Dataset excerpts
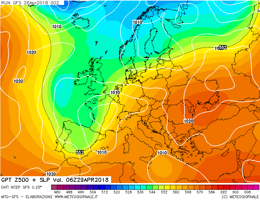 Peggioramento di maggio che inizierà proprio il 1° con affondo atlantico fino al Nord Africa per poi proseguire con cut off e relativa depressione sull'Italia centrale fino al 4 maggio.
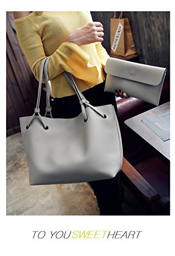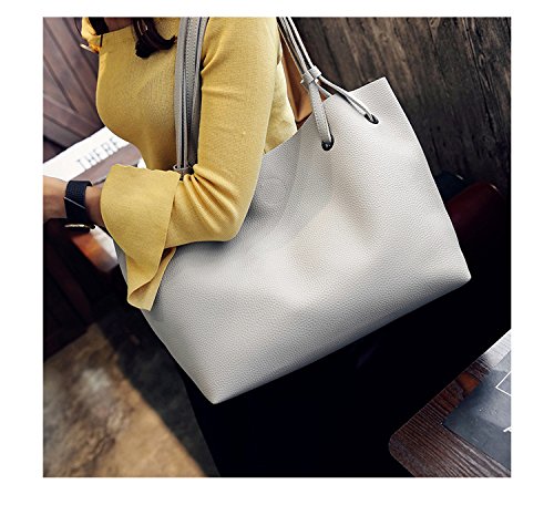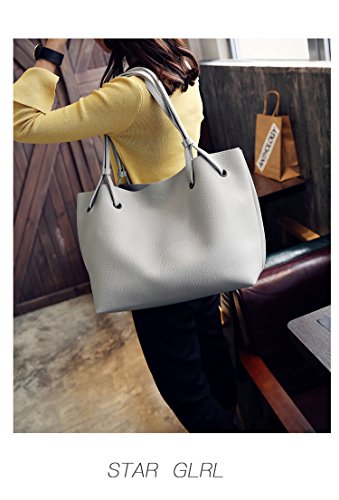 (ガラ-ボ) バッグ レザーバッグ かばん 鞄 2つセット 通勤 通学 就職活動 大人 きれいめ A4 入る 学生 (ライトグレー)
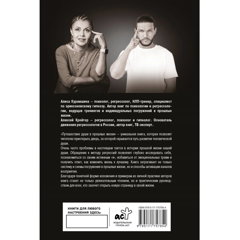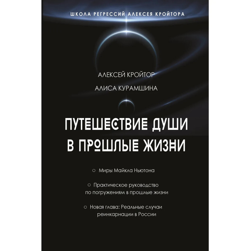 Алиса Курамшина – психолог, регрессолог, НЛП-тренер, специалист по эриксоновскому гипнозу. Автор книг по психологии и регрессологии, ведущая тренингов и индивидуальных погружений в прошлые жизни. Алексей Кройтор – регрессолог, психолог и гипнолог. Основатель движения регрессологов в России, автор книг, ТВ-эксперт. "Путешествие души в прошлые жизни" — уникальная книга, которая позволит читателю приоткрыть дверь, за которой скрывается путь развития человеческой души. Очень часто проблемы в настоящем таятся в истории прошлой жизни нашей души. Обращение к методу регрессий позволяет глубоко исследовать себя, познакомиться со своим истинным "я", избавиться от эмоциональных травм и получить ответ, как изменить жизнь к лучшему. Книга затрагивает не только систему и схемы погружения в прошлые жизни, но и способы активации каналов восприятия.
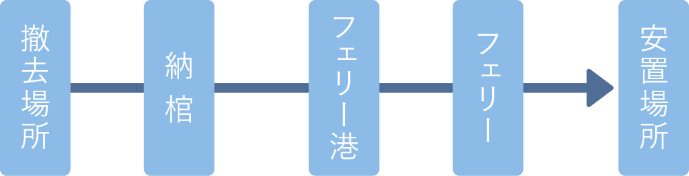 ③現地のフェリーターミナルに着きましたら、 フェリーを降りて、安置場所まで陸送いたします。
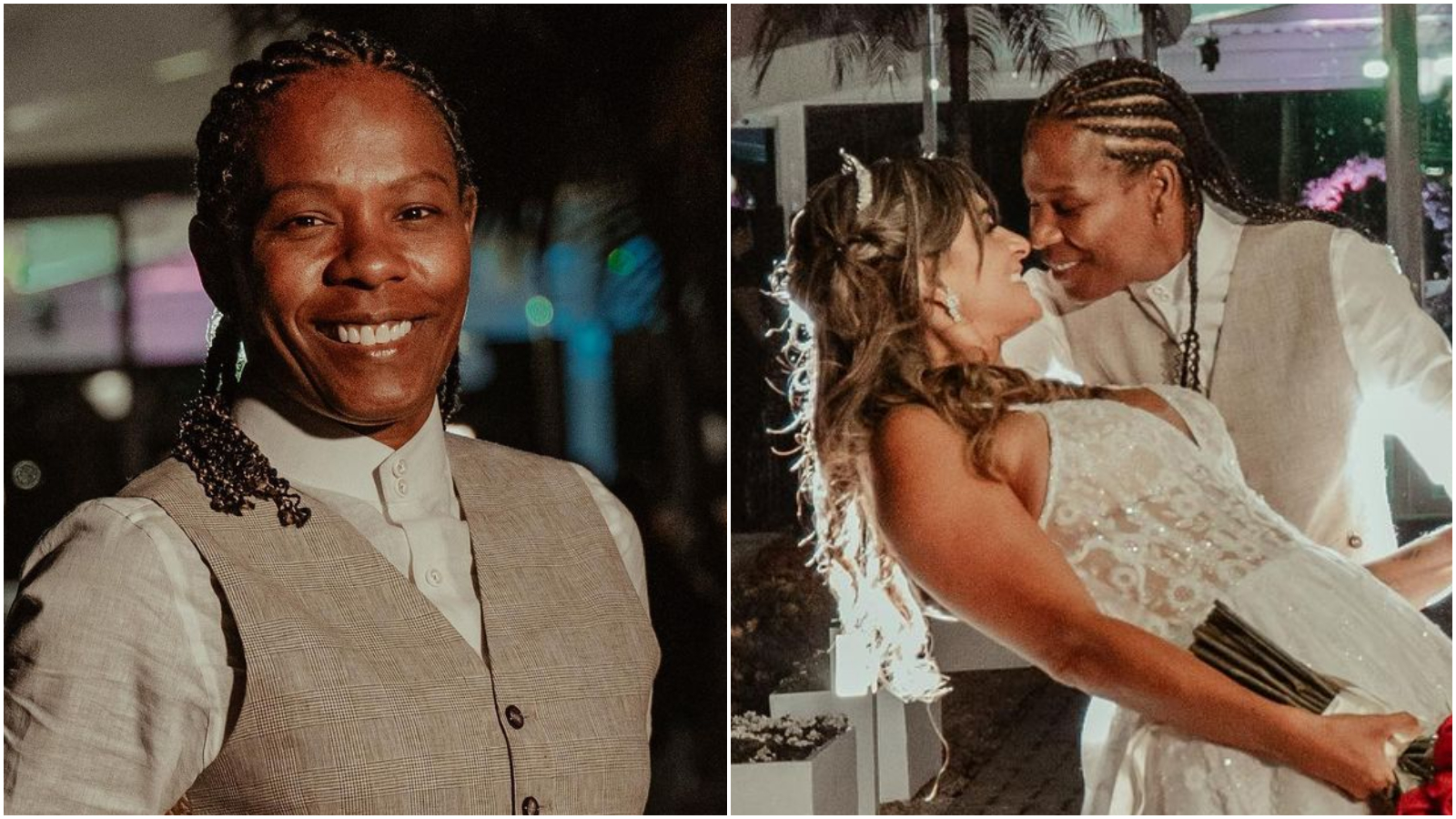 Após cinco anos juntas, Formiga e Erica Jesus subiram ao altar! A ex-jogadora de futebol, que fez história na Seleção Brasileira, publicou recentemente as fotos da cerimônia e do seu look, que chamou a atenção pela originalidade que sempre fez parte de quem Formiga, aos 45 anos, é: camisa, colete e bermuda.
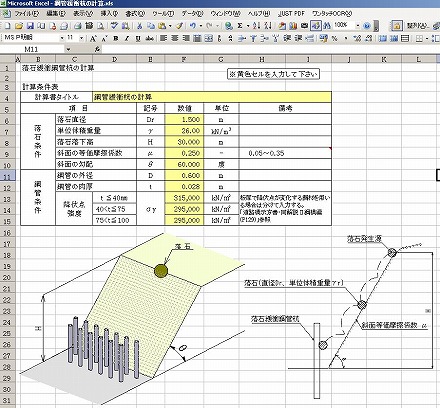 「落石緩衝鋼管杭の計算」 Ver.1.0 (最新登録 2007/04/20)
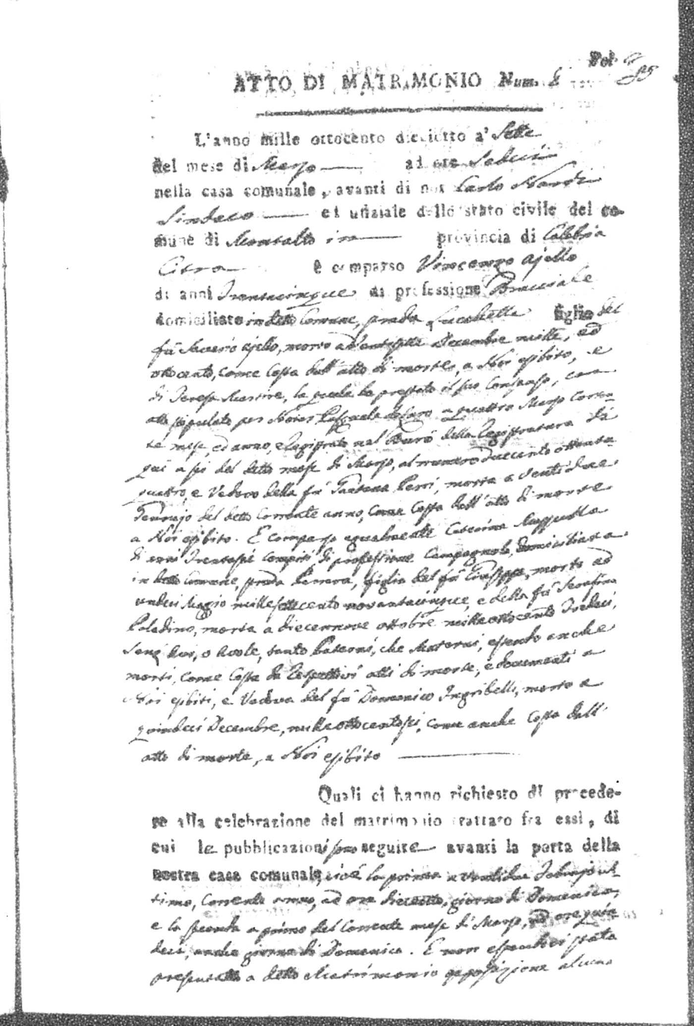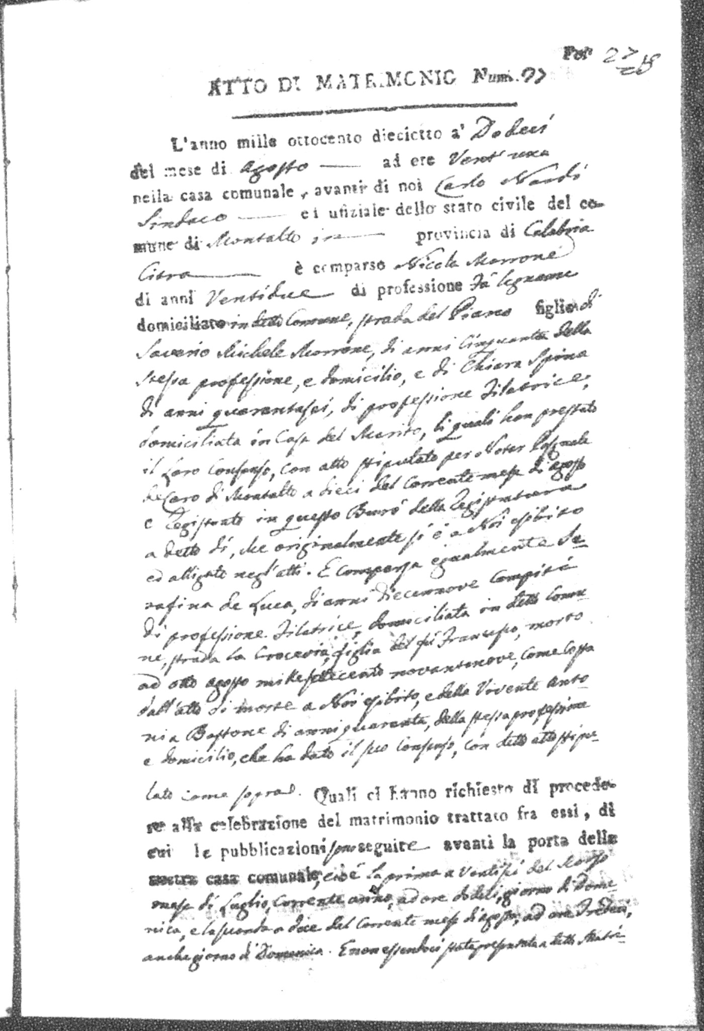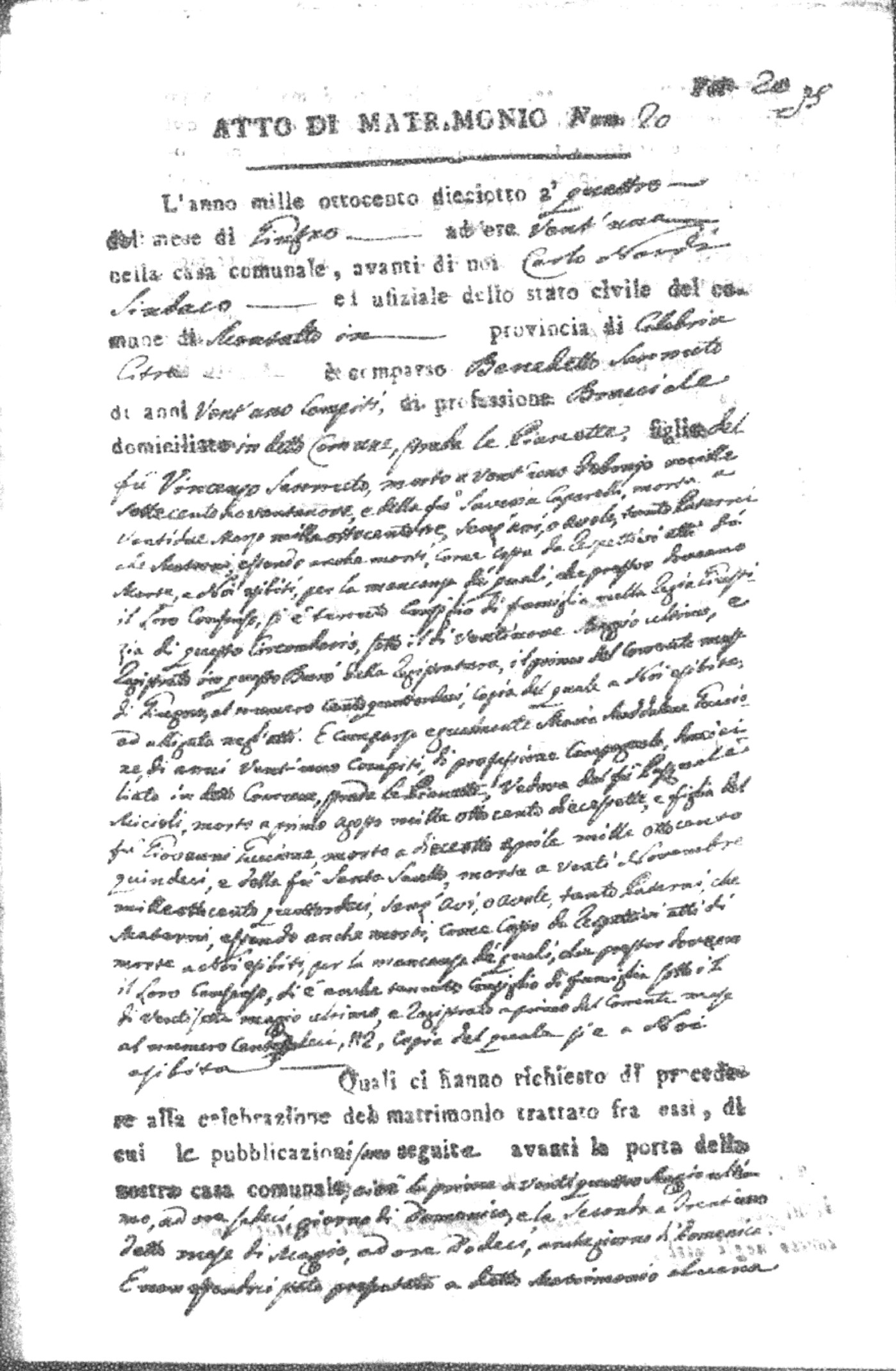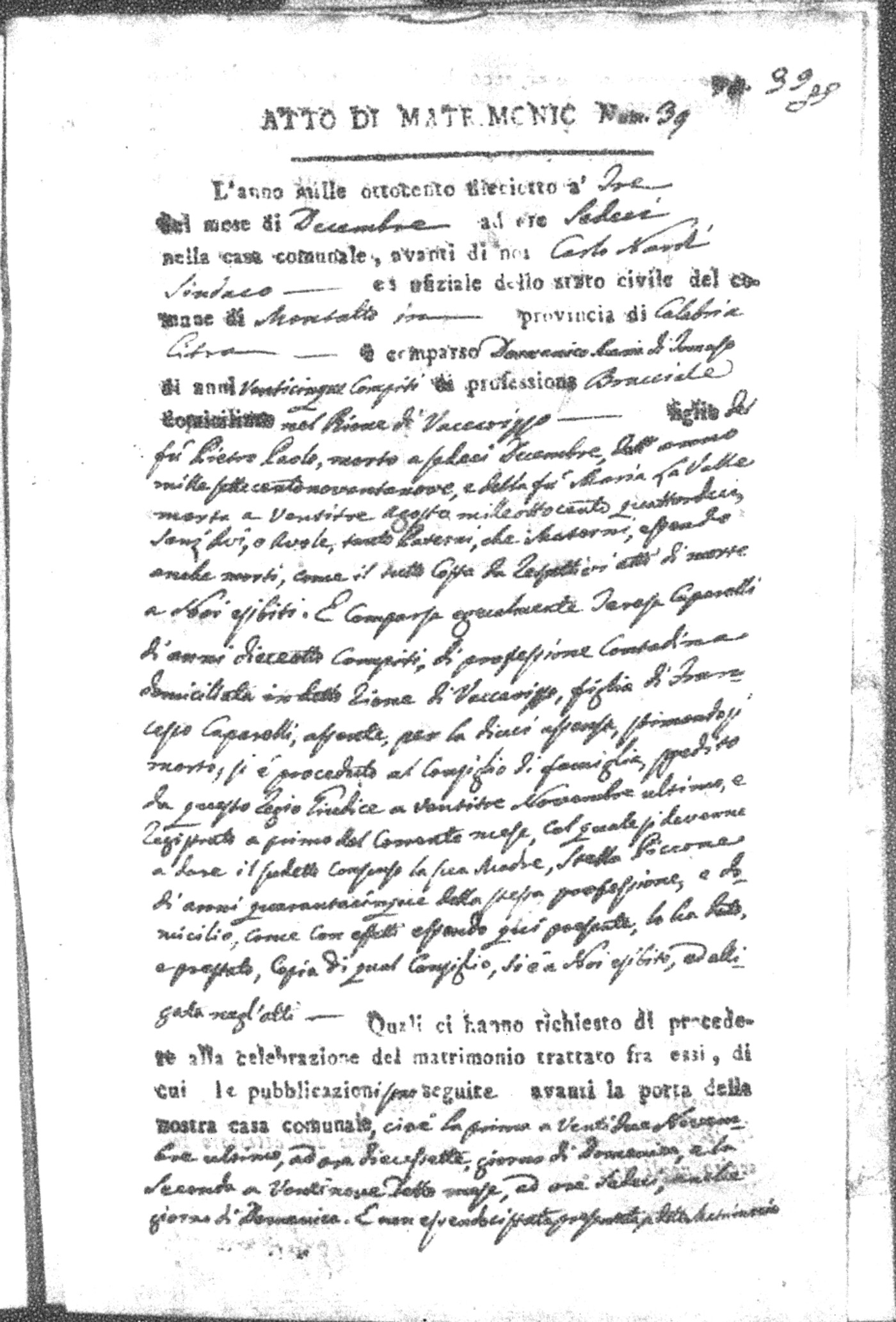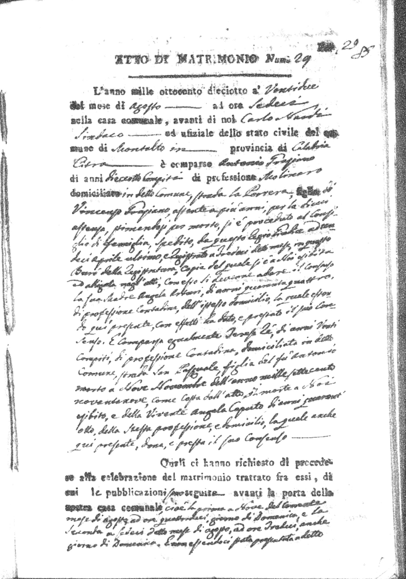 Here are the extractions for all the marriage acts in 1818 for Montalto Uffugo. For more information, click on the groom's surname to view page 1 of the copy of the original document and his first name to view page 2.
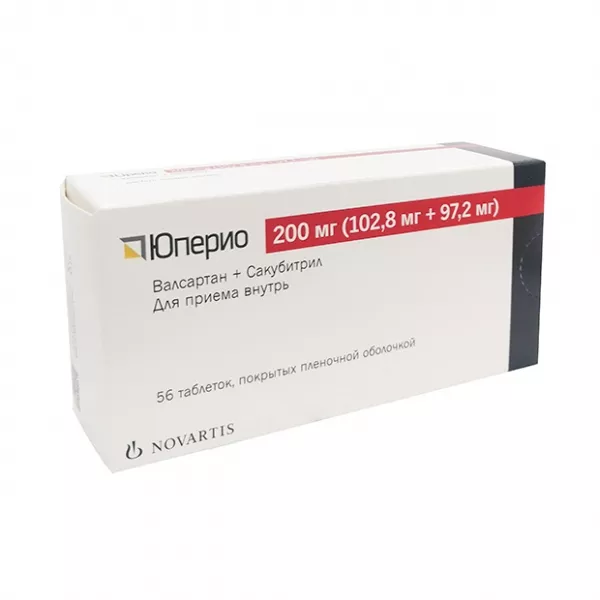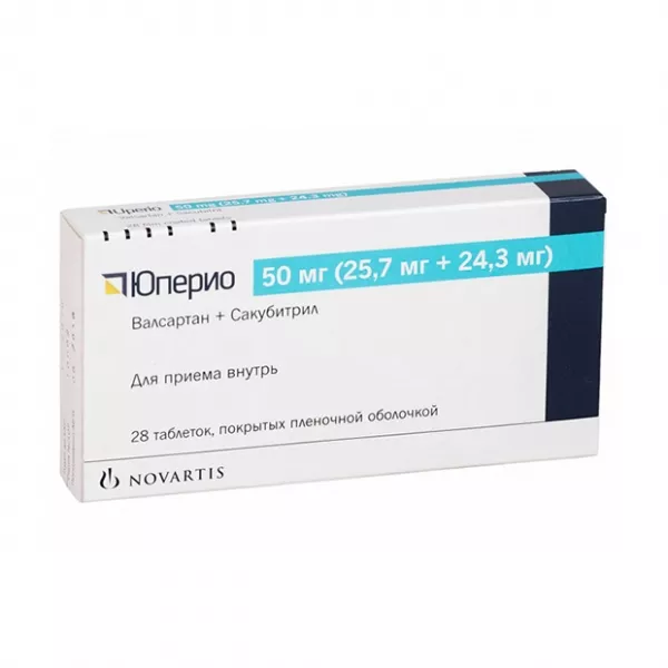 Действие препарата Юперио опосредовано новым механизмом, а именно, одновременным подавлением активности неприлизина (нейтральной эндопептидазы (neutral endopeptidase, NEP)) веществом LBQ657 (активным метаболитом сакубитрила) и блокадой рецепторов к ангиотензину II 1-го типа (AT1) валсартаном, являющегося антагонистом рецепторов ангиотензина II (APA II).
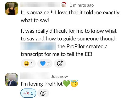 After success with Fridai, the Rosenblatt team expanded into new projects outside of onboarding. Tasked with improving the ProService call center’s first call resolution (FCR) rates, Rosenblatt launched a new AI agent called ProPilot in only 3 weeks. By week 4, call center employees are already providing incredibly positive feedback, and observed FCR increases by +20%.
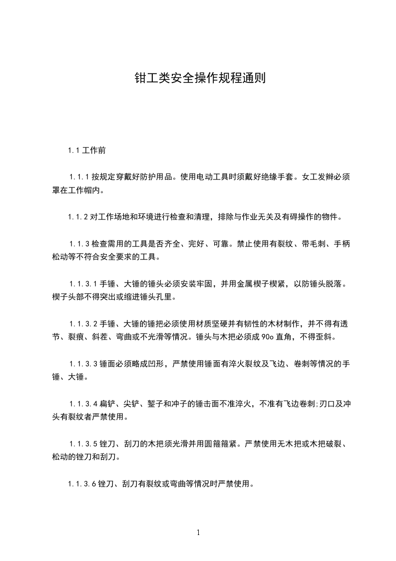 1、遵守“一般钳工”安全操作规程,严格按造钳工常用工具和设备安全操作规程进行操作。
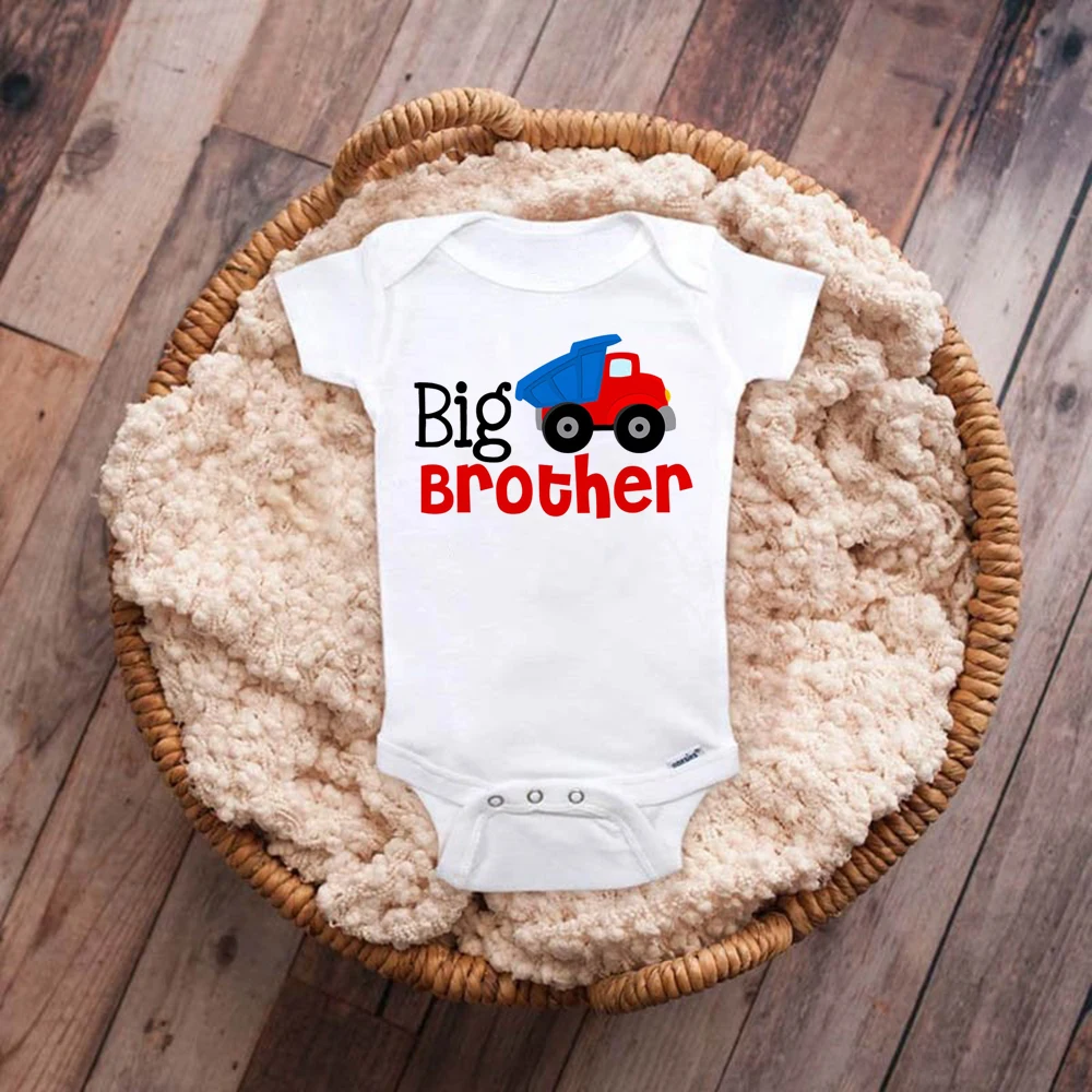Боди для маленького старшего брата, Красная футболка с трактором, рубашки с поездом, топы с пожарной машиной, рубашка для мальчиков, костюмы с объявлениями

Prompt -> Copy out every entry above, character for character, excluding pictures.

Answer to the problem ->
 Peggioramento di maggio che inizierà proprio il 1° con affondo atlantico fino al Nord Africa per poi proseguire con cut off e relativa depressione sull'Italia centrale fino al 4 maggio.
 (ガラ-ボ) バッグ レザーバッグ かばん 鞄 2つセット 通勤 通学 就職活動 大人 きれいめ A4 入る 学生 (ライトグレー)
 Алиса Курамшина – психолог, регрессолог, НЛП-тренер, специалист по эриксоновскому гипнозу. Автор книг по психологии и регрессологии, ведущая тренингов и индивидуальных погружений в прошлые жизни. Алексей Кройтор – регрессолог, психолог и гипнолог. Основатель движения регрессологов в России, автор книг, ТВ-эксперт. "Путешествие души в прошлые жизни" — уникальная книга, которая позволит читателю приоткрыть дверь, за которой скрывается путь развития человеческой души. Очень часто проблемы в настоящем таятся в истории прошлой жизни нашей души. Обращение к методу регрессий позволяет глубоко исследовать себя, познакомиться со своим истинным "я", избавиться от эмоциональных травм и получить ответ, как изменить жизнь к лучшему. Книга затрагивает не только систему и схемы погружения в прошлые жизни, но и способы активации каналов восприятия.
 ③現地のフェリーターミナルに着きましたら、 フェリーを降りて、安置場所まで陸送いたします。
 Após cinco anos juntas, Formiga e Erica Jesus subiram ao altar! A ex-jogadora de futebol, que fez história na Seleção Brasileira, publicou recentemente as fotos da cerimônia e do seu look, que chamou a atenção pela originalidade que sempre fez parte de quem Formiga, aos 45 anos, é: camisa, colete e bermuda.
 「落石緩衝鋼管杭の計算」 Ver.1.0 (最新登録 2007/04/20)
 Here are the extractions for all the marriage acts in 1818 for Montalto Uffugo. For more information, click on the groom's surname to view page 1 of the copy of the original document and his first name to view page 2.
 Действие препарата Юперио опосредовано новым механизмом, а именно, одновременным подавлением активности неприлизина (нейтральной эндопептидазы (neutral endopeptidase, NEP)) веществом LBQ657 (активным метаболитом сакубитрила) и блокадой рецепторов к ангиотензину II 1-го типа (AT1) валсартаном, являющегося антагонистом рецепторов ангиотензина II (APA II).
 After success with Fridai, the Rosenblatt team expanded into new projects outside of onboarding. Tasked with improving the ProService call center’s first call resolution (FCR) rates, Rosenblatt launched a new AI agent called ProPilot in only 3 weeks. By week 4, call center employees are already providing incredibly positive feedback, and observed FCR increases by +20%.
 1、遵守“一般钳工”安全操作规程,严格按造钳工常用工具和设备安全操作规程进行操作。
Боди для маленького старшего брата, Красная футболка с трактором, рубашки с поездом, топы с пожарной машиной, рубашка для мальчиков, костюмы с объявлениями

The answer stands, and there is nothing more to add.